Mixtures Problem Using Dynamic Programming in C++

Filed Under: C++

In this article, we’ll learn to solve the mixtures problem using dynamic programming in C++. The mixtures problem is a well-known dynamic programming problem on SPOJ (Sphere Online Judge). You can not skip this problem as it’s a perfect problem to practice dynamic programming. So without wasting time, let’s get started.

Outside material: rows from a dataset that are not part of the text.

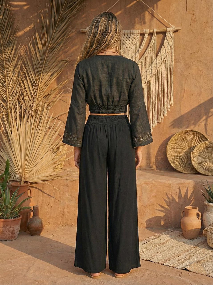 Effortlessly rooted in craft and comfort, this Noir Nomad Set ( Black ) linen cotton hand block printed co-ord set is designed for slow days and soulful styling. Featuring a wrap-style cropped top with relaxed sleeves and a skirt-cum-pant silhouette, this set blends ease with artisanal elegance.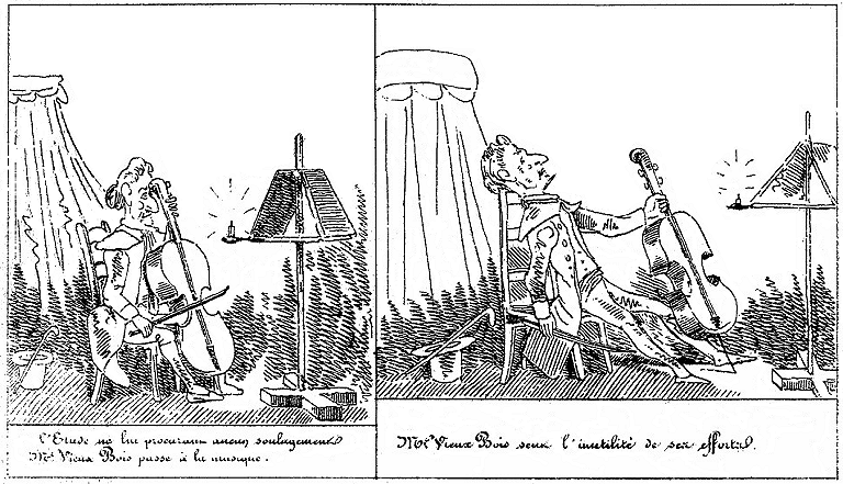 | L'Étude ne lui procure aucun soulagement. Mr. Vieux-Bois passe à la musique. | Mr. Vieux-Bois sent l'inutilité de ses efforts. |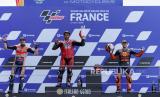 Danilo Petrucci (Ducati), Alex Marquez (Repsol Honda), dan Pol Espargaro (Red Bull KTM Factory Racing) merayakan kemanangan di podium laga MotoGP Perancis di Sirkuit Le Mans, Ahad (11/10). (FOTO : EPA-EFE/EDDY LEMAISTRE)

Problem Statement for Mixtures Problem

There are N mixtures of different colors. The colors of these mixtures range from 0 to 99. Combining two mixtures generates a new mixture and some amount of smoke. The rules to combine two mixtures are:

Let the colors of the two mixtures be ‘a’ and ‘b’.

The colour of the resultant mixture: (a + b) % 100.

Smoke generated: a * b

Find out the minimum amount of smoke generated by mixing all the mixtures.

Input Format for Mixtures Problem in C++

The first line of input will be integer N. The following line will contain N integers denoting the colors of the mixture.

For example,

```Input:
2
18 19
Solution:
342

Input:
3
40 60 20
Solution:
2400
```

Approach for Solving Mixtures Problem

How To Deal With Dynamic Programming Problems

Dynamic programming is the combination of recursion and memoization. We use dynamic programming because it makes the solution many times more optimum than recursive solutions. In dynamic programming solutions, we try to avoid recalculations of overlapping subproblems.

Pseudocode

Below is the step-by-step process that we’ll follow to code the solution.

• We’ll combine only two mixtures at a time.
• To minimize the resultant smoke, we’ll evaluate all possible subproblems.
• Divide the input array into two parts.
• Part 1: [m1, m2, m3, …….., ma]
• Part 2: [ma + 1, m2, m3, …….., mn]
• This problem is similar to the matrix chain multiplication problem.
• Let’s represent the resultant smoke by combining [m1, m2, m3, …….., ma] = f(1, a)
• Similarly, the resultant smoke by combining [ma + 1, m2, m3, …….., mn] = f(a + 1, n)
• Recurrence relation : f(i, j) = f(i, k) + f(k + 1, j) + CumulativeSum(i, k) * CumulativeSum(k + 1, m)
• CumulativeSum= summation from i=0 to k(a[i]%100)
• Base case: if(i == j). i.e. if only one element is left.
• Output: 0
• Because a single mixture will not produce any smoke.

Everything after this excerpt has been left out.